Fire modeling carries with it a 15 to 20 percent margin for error assuming all conditions are correct but could be as high as 80 percent depending upon the real conditions (pp. 76-77).  Dr. Urbas acknowledged that there could be a difference between the material represented in a table and the actual material at the fire scene (p. 83). "If the input in the model is correct then the output is correct" (p. 96).  Dr. Urbas' testimony indicated that incorrect input could lead to inaccurate results.

Bearing in mind that the court's role as gatekeeper is "counting scientists," the court finds that defendant did not present sufficient evidence to establish that there is a consensus in the fire investigation community that computer fire modeling is generally accepted as reliable. "The long-recognized rule of Frye v. United States (supra) is that expert testimony based on scientific procedures is admissible but only after a principle or procedure has gained general acceptance' in its specified field" (People v. Wesley, 83 NY2d at 422).  Here the specified field is fire investigation. The issue before the trier of fact in this particular lawsuit involves when and how the fire started.  Defendant failed to meet its burden of proving that its expert's use of computer fire modeling was generally accepted in the fire investigation community (Cumberbatch v. Blanchette, 35 AD3d 341, 342 [2d Dept. 2006]).

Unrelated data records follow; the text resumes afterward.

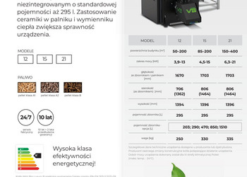 | Zakres mocy cieplnej (pelet) [kW] | 3,9- 13 | 4,5-15 | 6,3- 21 |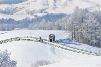 눈 덮인 대관령 양떼목장은 겨울 동화 같은 풍경을 선사합니다.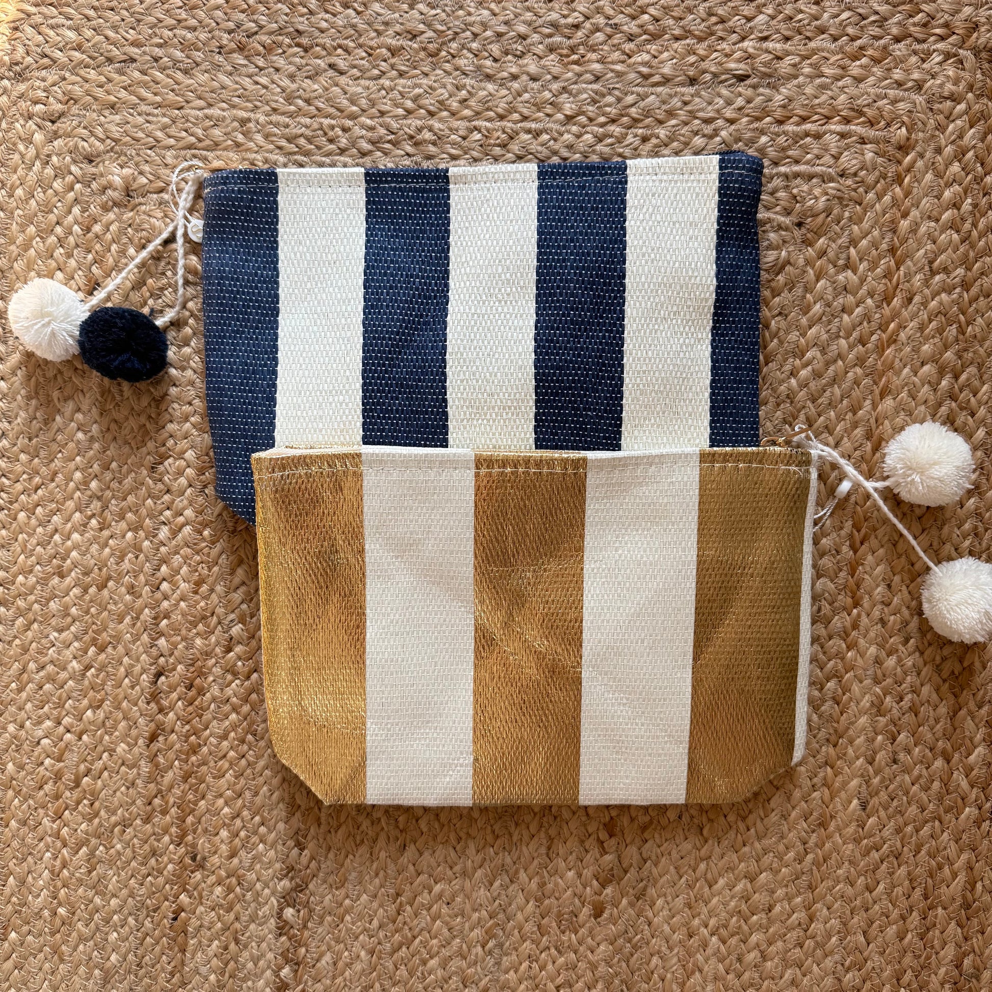 Featuring bold stripes in eye-catching hues, this pouch is crafted from durable woven material with chic tassel details. Its spacious interior keeps all your essentials organized – whether it’s sunscreen at the beach or lip gloss for a night out.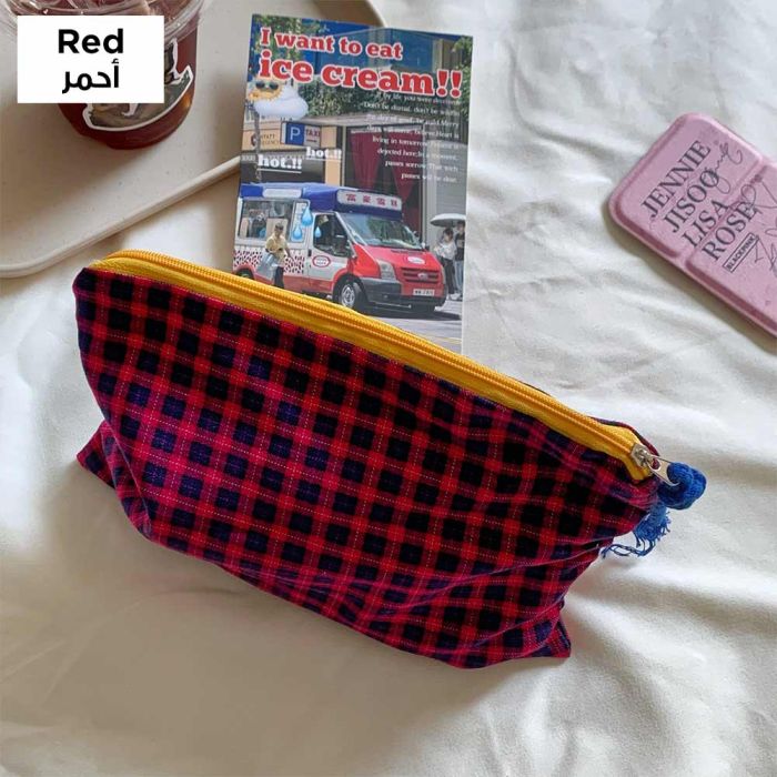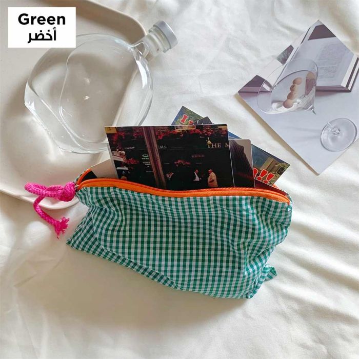 Luxury Women's Grid Makeup Storage Bag - 18 × 22 cm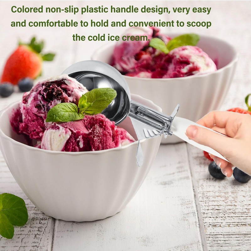 - VERSATILE USE FOR VARIOUS FOODS This ice cream scoop is not only suitable for ice cream, but also for mashed potatoes, fruits, cookie dough and more. Ideal for use in cafes, bars, restaurants and at home.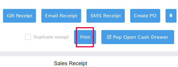 This will open up the Sales Receipt page. In the top right there is the option to Print the receipt. There is also the option to Email Receipt or send the receipt via text with SMS Receipt.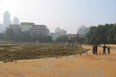 (2)基礎(chǔ)排水:采用龜背式排水,兩片球場(chǎng)排水溝相連形成環(huán)狀排水溝,達(dá)到場(chǎng)地排水要求。橫向、縱向坡度<3‰,表面應(yīng)平坦,光滑,保證排水。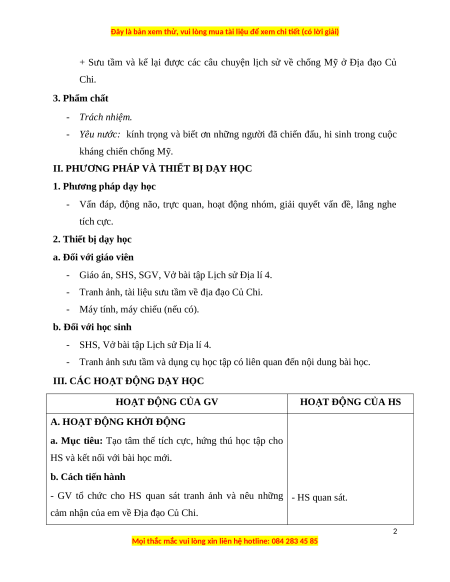 + Sưu tầm và kể lại được các câu chuyện lịch sử về chống Mỹ ở Địa đạo Củ Chi. 3. Phẩm chất - Trách nhiệm.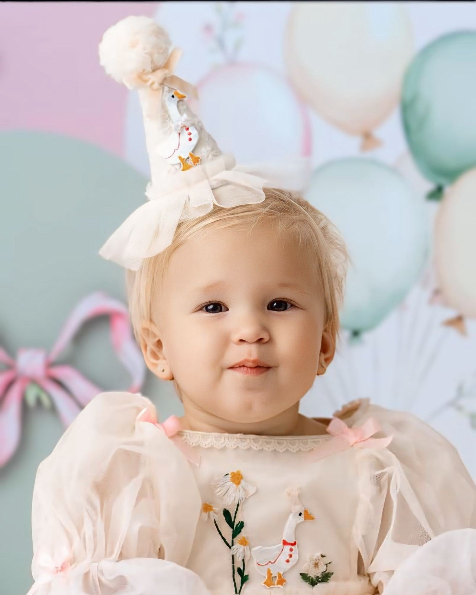 Celebrate her milestone with an original. Our signature Silly Goose design is an artisanal blend of whimsy and heritage. Each dress features a hand-detailed goose motif nestled among delicate florals, perfectly tailored for first birthdays and cherished portraits.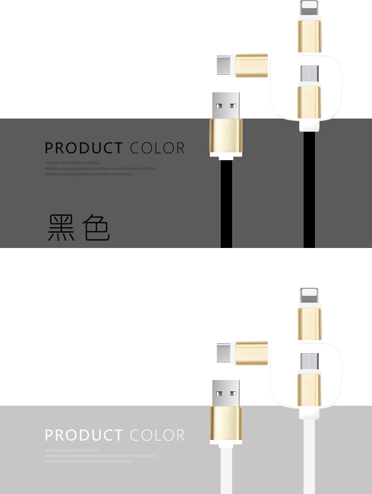 三合一土豪金数据线 安卓苹果type-c数据线 数码促销礼品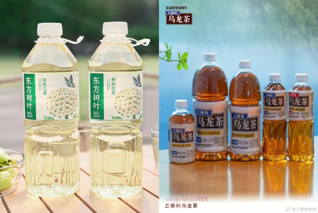 东方树叶茉莉花茶,三得利乌龙茶,图片来源:微博@东方树叶,微博@三得利饮料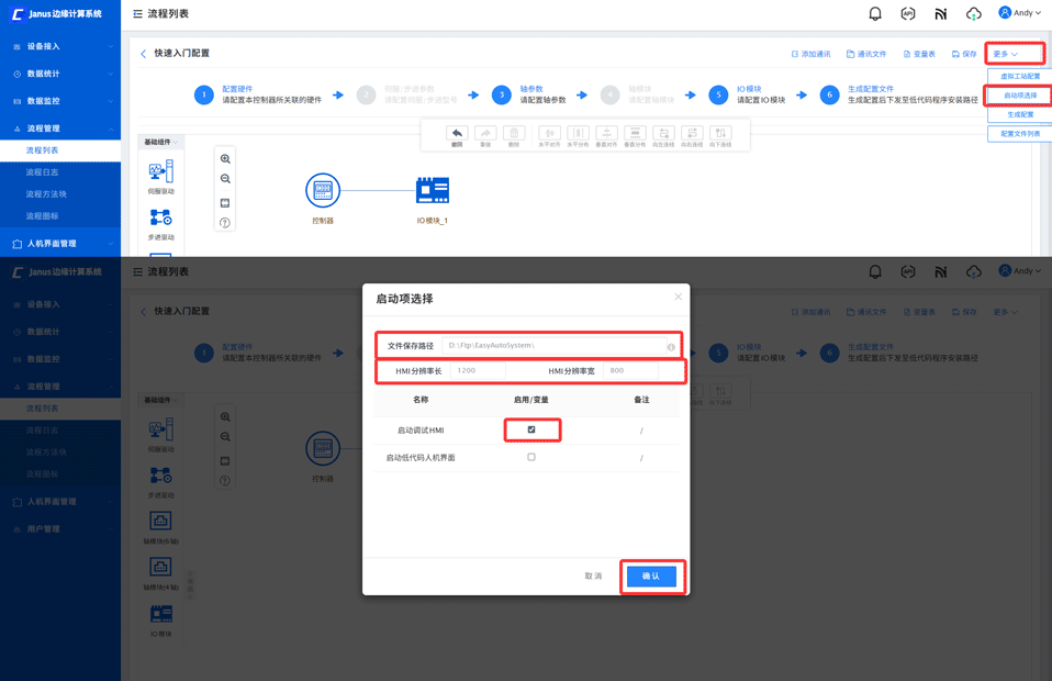 D:\Ftp\EasyAutoSystem\; - 设置低代码HMI分辨率长宽,默认为1200x800,可根据使用需要调整;

Although defendant's expert may support a case for the acceptance of computer fire modeling in the regulatory/design community, it does not support a conclusion that it is generally accepted in the fire investigation community. 
It is important to understand that Justice Phelan did not hold that computer fire modeling is scientifically unreliable and never admissible in a civil arson case; he merely held that in this particular case, State Farm did not submit sufficient evidence to convince him that computer fire modeling was generally accepted in the fire investigation community.

And as late as the mid-nineteenth century, some still believed that the earth was flat.